Biliaivka (, ) is a city in Odesa Raion, Odesa Oblast, Ukraine. The city had a status of regional significance, also was the administrative center of Biliaivka Raion. It hosts the administration of Biliaivka urban hromada, one of the hromadas of Ukraine. The city is located in the Dniester Delta, on the left bank of the Turunchuk River. Lake Safyany is located near by the city. Population:

History 

The populated place (village at that time) was founded by the Ukrainian Cossacks after the elimination of the Zaporizhian Sich. The village called Holovkivka was first mentioned in 1792. The settlers from the Poltava region were moved here in 1794. The first name of the settlement originated from the name of famous Ukrainian Cossack leader, cossack general judge Antin Holovaty. There are several versions of the name origin, but all the versions are connected with his name.
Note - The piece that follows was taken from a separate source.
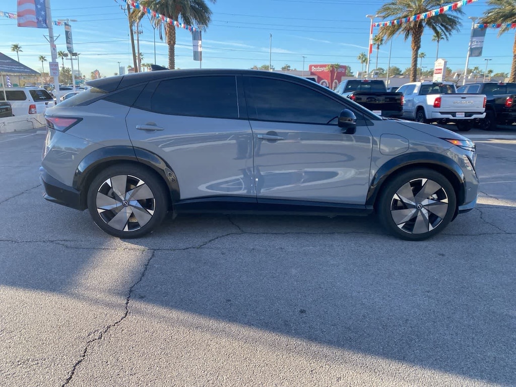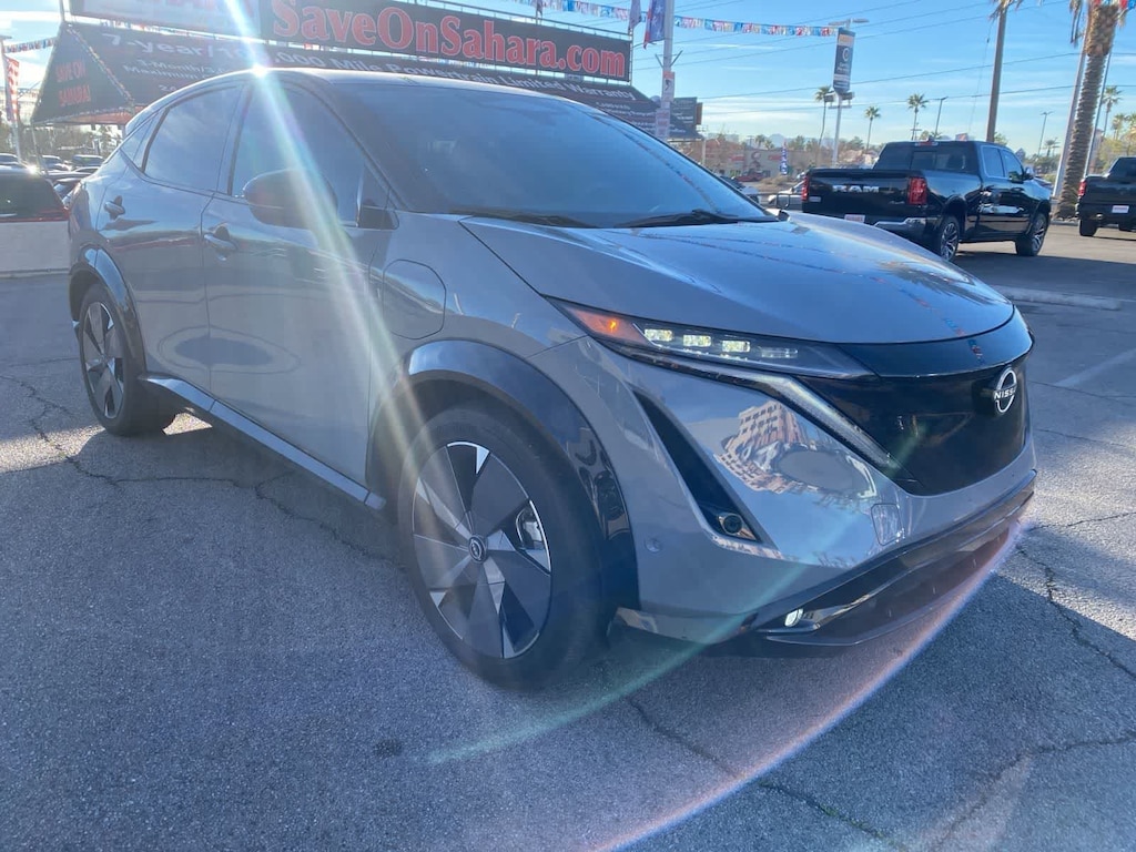 Clean Carfax. Boulder Gray Pearl/Black Diamond Pearl 2023 Nissan Ariya Platinum+ e-4ORCE AWD CVT Electric Motor. Recent Arrival! Odometer is 8476 miles below market average! 89/84 City/Highway MPG. Vehicle pricing does not include Protection Plus Package, Lojack, PermaPlate, Etch and Dealer Documentation Fee, taxes, and license fee. Sahara Chrysler Dodge Ram is dedicated to your satisfaction before, during, and after your purchase. We'll go the extra mile to take care of you.

The village started to be a volost administrative center in Odesa county in 1886. It had a population of 2917 people with 250 farmyards. There were two Orthodox churches, schools, six shops, and markets. The river crossing over the Turunchuk River was here.

The settlement gained town status on 2 January 1957, and city status in 1975. Until 2016, Biliaivka was part of Biliaivka Raion. On 28 January 2016, it was designated the city of oblast significance but remained the administrative center of the raion.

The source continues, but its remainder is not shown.